The disturbance of dam removal had consequences for both fish assemblages and food-web structure. Upstream fish assemblages experienced a significant decline in species richness in the year following dam removal, which was accompanied by a shift in assemblage composition (ANOSIM: R = 0.714, p = 0.001). In the Olentangy River, assemblage structure shifted significantly over time (year 1-2) and included the re-colonization of benthic insectivores (ANOSIM: R = 0.136, p = 0.019). Species richness increased over time in both the Olentangy and Scioto Rivers (linear mixed models: OR – F2,16= 9.70, p = 0.002; F2,12 = 26.50, SR – p < 0.0001). Species richness returned to pre-dam removal levels in the Scioto River, but was still 58% lower than pre-dam removal levels in the Olentangy River upstream actively restored reach (i.e., where extensive channel modifications occurred) and in other experimental reaches.
Shifts in assemblage composition and species richness were not accompanied by changes in the relative abundance of top predators, intermediate, or basal species; however, these metrics might not capture important shifts in trophic guilds that could have implications for other food-web properties. Similar to species richness, network connectivity (i.e., link density, connectance) decreased significantly at the Olentangy River upstream actively restored reach following dam removal (paired t-test: connectance – t = -6.46, p = 0.023; link density – t = -13.54, p = 0.005) and did not return to pre-dam removal levels. Whereas link properties decreased on the Scioto River experimental reaches in the year following dam removal, they increased to pre-dam removal levels by second year (linear mixed models: connectance – F2,12 = 8.38, p = 0.005; link density – F2,12 = 42.26, p < 0.0001). Food-chain length (FCL) – a key measure of food-web architecture – declined from 4.37 to 2.75 in the Olentangy River actively restored reach, and declined significantly in the upstream control and passively restored reaches over time (linear mixed model: F2,14.7 = 7.43, p = 0.003). FCL also decreased in the upstream reach of the Scioto River by the second year after dam removal (linear mixed model: F1,6.4 = 28.93, p = 0.001; Tukey’s HSD: p = 0.0004). Significant reductions in channel width (i.e., ecosystem size) and alterations to hydrological connectivity could be linked to observed shifts in food-web architecture. Changes in ecosystem size could have consequences for individual traits of fish species (e.g., body size) or other food-web properties (e.g., connectance) that serve as proximate mechanisms regulating FCL. For example, FCL increased linearly with body length (linear regression: R2 = 0.221, p = 0.043) meaning that larger-bodied taxa held higher trophic positions. Larger habitats tend to support larger organisms and, thus, longer food chains (Power, 2002). Therefore, individual traits could be important mechanisms that help to explain the relationship between environmental drivers of food-web structure.

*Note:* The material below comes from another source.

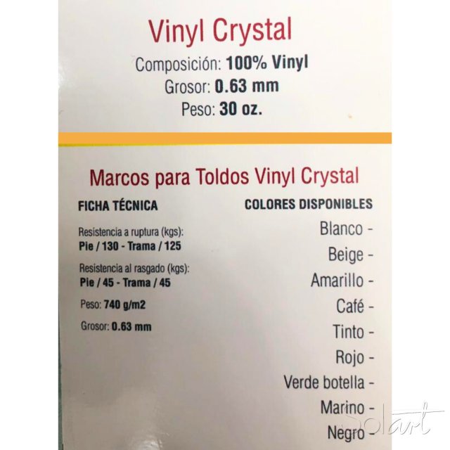 El "vinyl crystal" es un tipo de lámina plástica flexible comúnmente utilizado como material textil donde se requiere visibilidad y protección contra el clima, actúa como una barrera contra lluvia y viento.

The results of this investigation have both applied and theoretical implications for understanding the role of disturbance in structuring fish assemblages and food webs in river systems. More specifically, dam-removal disturbance appeared to strongly influence network stability via a loss of diversity and trophic connections on the Olentangy River. Yet, the rebound of food-web properties on the Scioto River by the second year following dam removal suggests that food-web networks in larger river systems could be more resilient than in smaller systems. In the first few years following dam removal, active channel restoration did not enhance fish community diversity or FCL and exhibited a less complex fish-based food web than in a passively restored reach, although the benefits of this restoration may take additional time to be realized. The number of small dam removal projects is expected to grow considerably in the coming years, and increasing our understanding of the consequences of dam removal for the ecological integrity of river ecosystems is critical for effective river conservation and management.